Here are four ASX-listed companies, currently trading at a discount relative to the broader market, that I believe will outperform in 2018.
TPG Telecom Ltd (ASX: TPM) is Australia's second largest fixed-line broadband provider. The company's share price, along with those of its peers in the telecommunications sector, has been beaten down on fears the National Broadband Network (NBN) will increase competition and squeeze profit margins of the incumbents.
Firstly, I think TPG's selloff was an overreaction, so often the case on negative news. Secondly, TPG has a history of being the lowest-cost operator in its industry, and I expect this to continue when the firm becomes Australia's fourth mobile network operator later this year.
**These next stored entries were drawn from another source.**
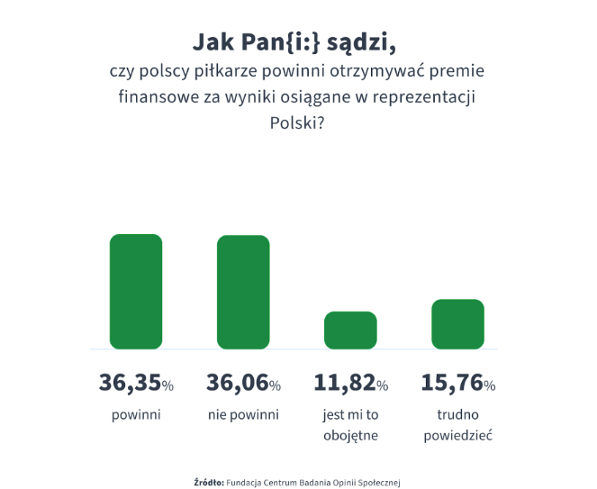 Polacy wydają się za to znacznie mniej wymagający wobec piłkarzy kadry. Na pytanie „Jak Pan sądzi, czy polscy piłkarze powinni otrzymywać premie finansowe za wyniki osiągane w reprezentacji Polski?”, zdania były podzielone praktycznie w stosunku 50-50. Z jednej strony, pokazuje to, że jako naród cenimy naszych kadrowiczów. Z drugiej strony, wielu fanów piłki pamięta słynną „aferę premiową” sprzed Mundialu 2022, gdy premier Morawiecki obiecał zawodnikom 30 mln zł za awans do 1/8 finału, a temat pieniędzy podzielił kadrę.
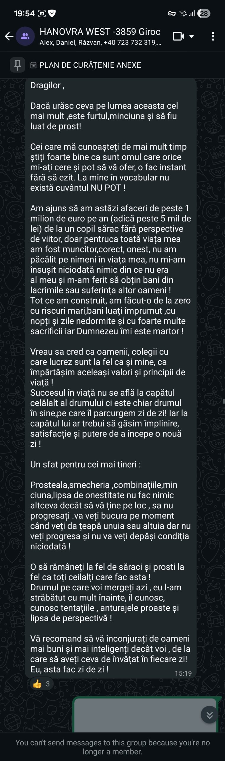 Te dai om de valore, că ai muncit din greu și te piși pe munca mea care lucram 7 din 7 pe tura de noapte când nimeni nu vroia pe schimbul trei? Mă constrângi să-mi dau demisia altfel mă bați? Futuți morții mă-tii de bădăran! Ai ieșit tu din sat dar n-a ieșit satul din tine…
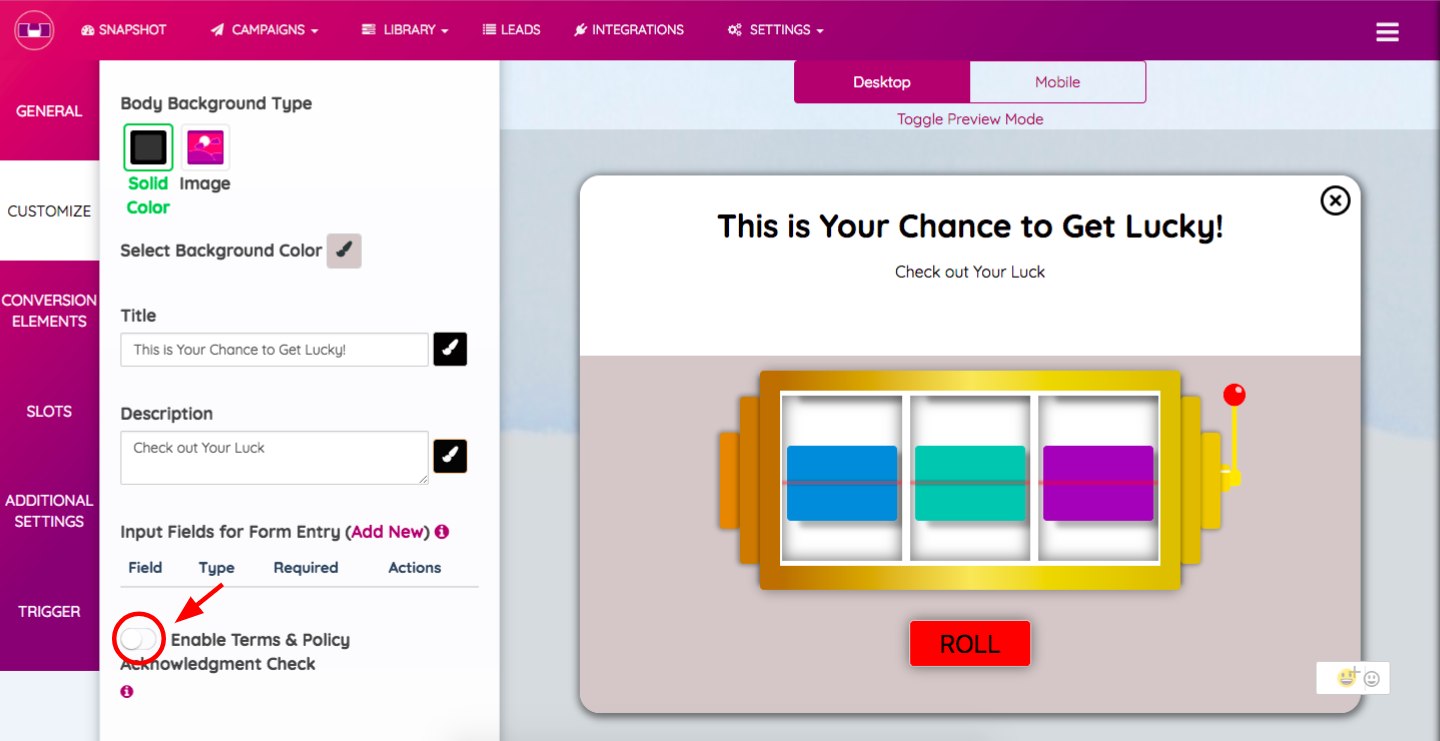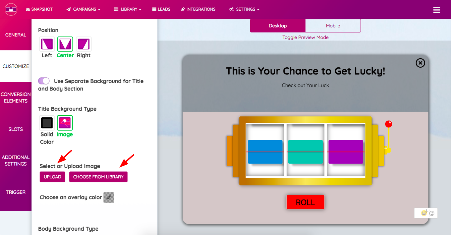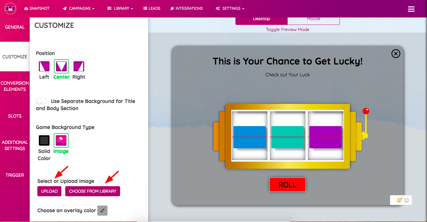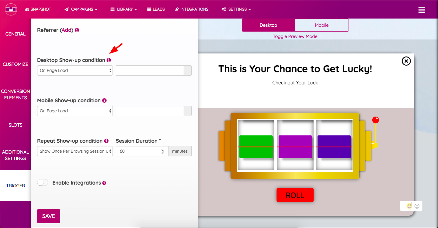 D. Desktop Show-up condition: You can configure how do you want to show up the slot campaign on a desktop like exactly after the page loads or after the user have spent some time on the website. To learn more about Show-up Conditions, click here.

Currently trading on a trailing price to earnings ratio of less than 14, I believe TPG shares will outperform in 2018 on results that exceed the market's low expectations.
Huon Aquaculture Group Ltd (ASX: HUO) is one of few Atlantic Salmon famers in the Southern Hemisphere, operating out of the cool waters of Tasmania. FY2018 is set to be the company's best yet as a listed entity, with sales volumes expected to increase 32.5% on the previous period due to improved growing conditions and feed diet.
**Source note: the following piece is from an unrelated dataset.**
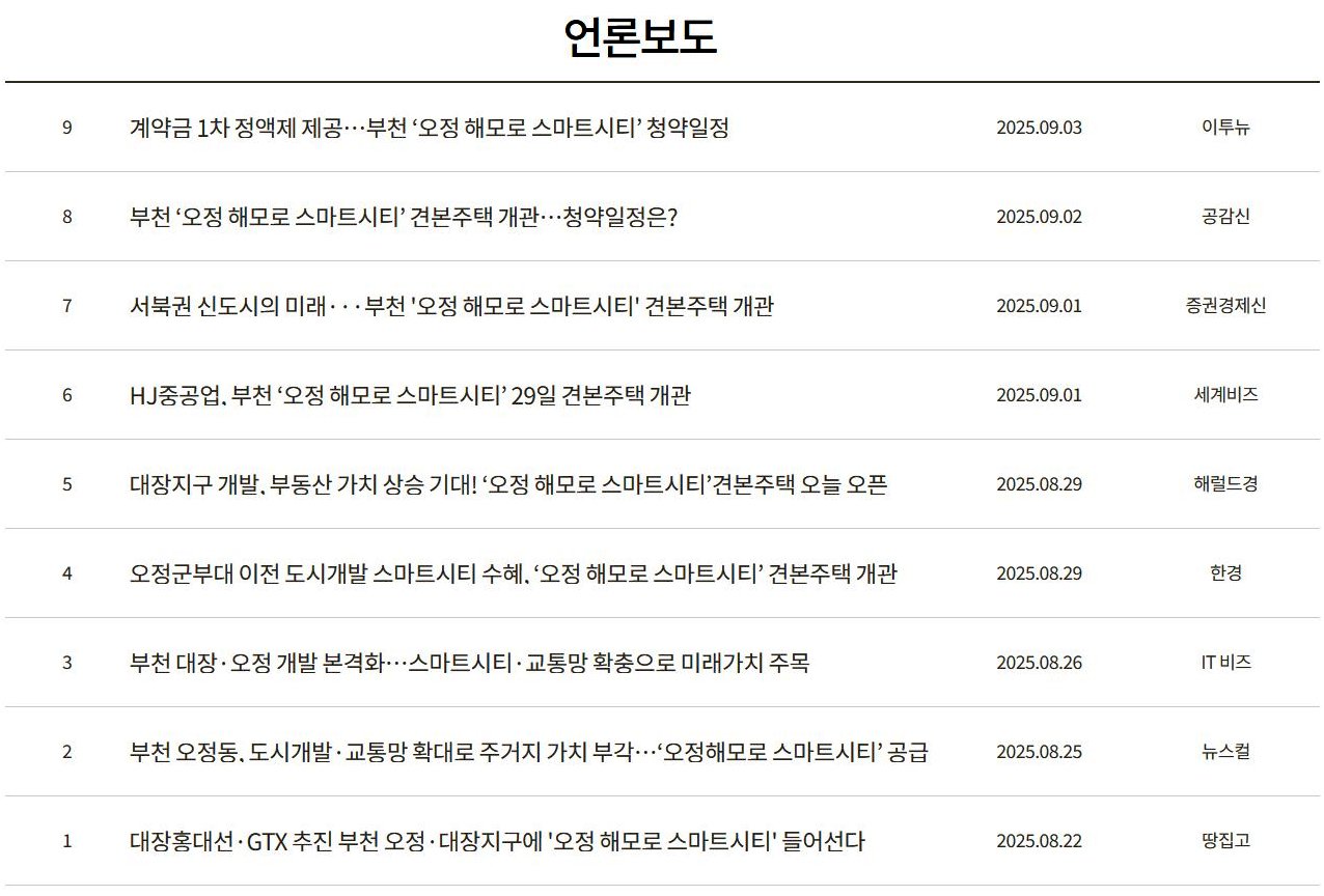 부천 오정해모로 관련 보도자료
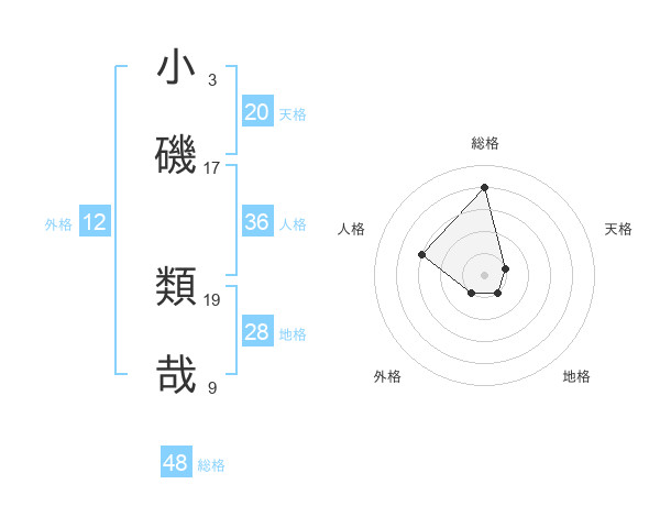 小磯 類哉さんを姓名の画数から五運を鑑定

Huon paid its inaugural dividend in 2017 and management expects further earnings growth for at least the next two financial years, driven by high domestic demand for farmed salmon.
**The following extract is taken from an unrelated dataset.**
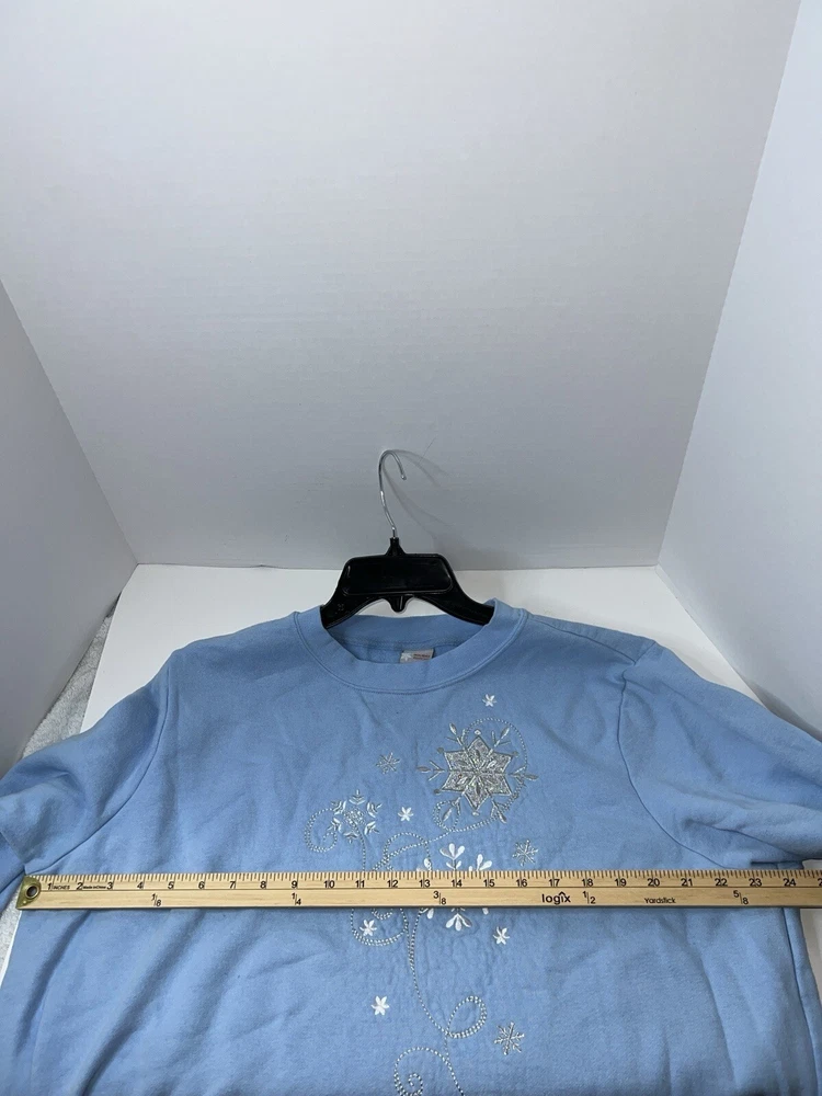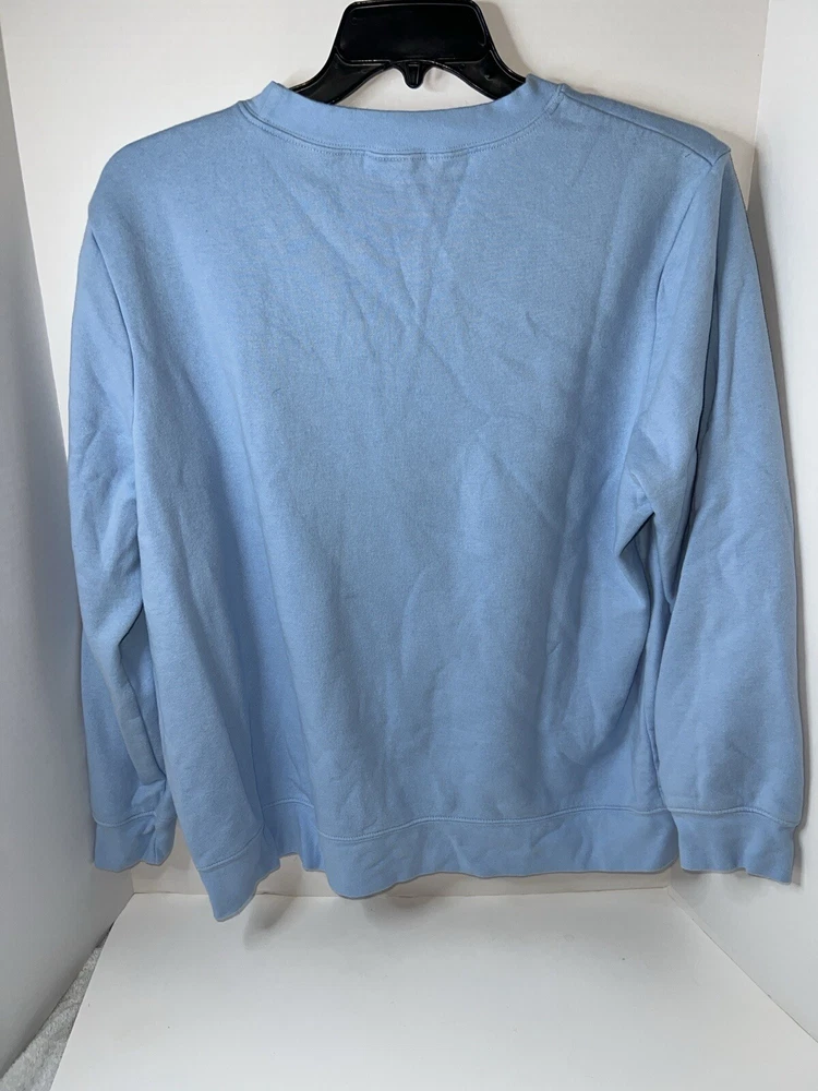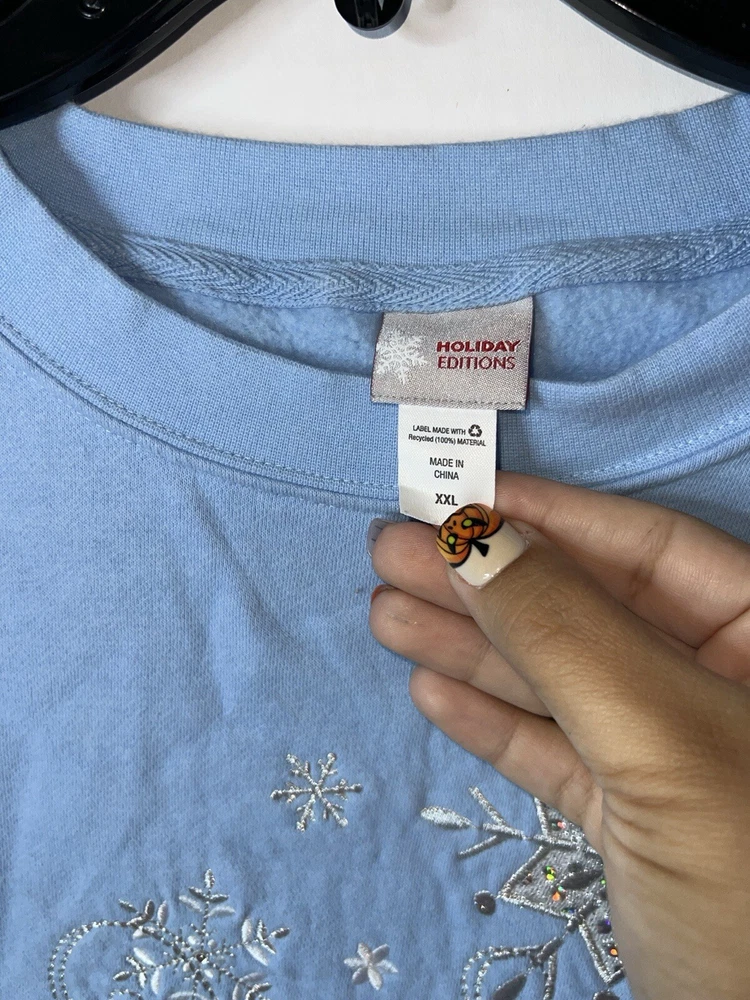Elevate your activewear game with this Holiday Editions blue sweatshirt. The regular fit pullover features a classic crew neck and long sleeves, making it a perfect choice for all seasons. The Fair Isle pattern adds a touch of retro charm, while the jersey fabric ensures comfort and durability. Ideal for walking, skiing, and hiking, this sweatshirt is designed to keep you warm and stylish during your favorite outdoor activities. The size 2XL fits most women, and the blue color complements any outfit. Whether you're hitting the slopes or enjoying a leisurely walk, this sweatshirt is a must-have addition to your wardrobe. M8

The company's shares trade for less than 11x FY2017 earnings, which could increase significantly if Huon's export plans for Asia are successful.
Vocus Group Ltd (ASX: VOC) hasn't just been sold off due to the market's NBN concerns, the company has also experienced integration issues following major acquisitions, senior leadership changes, and large asset write-downs.
Earlier this week, management announced a new operating structure in an effort to restore shareholder value and afford senior leadership greater segment focus. If Vocus can improve the returns on its underperforming assets, the company's share price should rapidly increase.
Washington H. Soul Pattinson and Co. Ltd (ASX: SOL) is an investment conglomerate with significant interests in ASX-listed companies, private equity and property. The firm takes a value-oriented, long-term approach to investing which has produced a 12.8% per annum return over the last 15 years.
Despite the company's history of market-bearing performance and claim to be one of only two ASX-listed companies to have increased its dividend every year for the past 17 years, Soul Patts shares trade on a modest trailing P/E ratio of 12.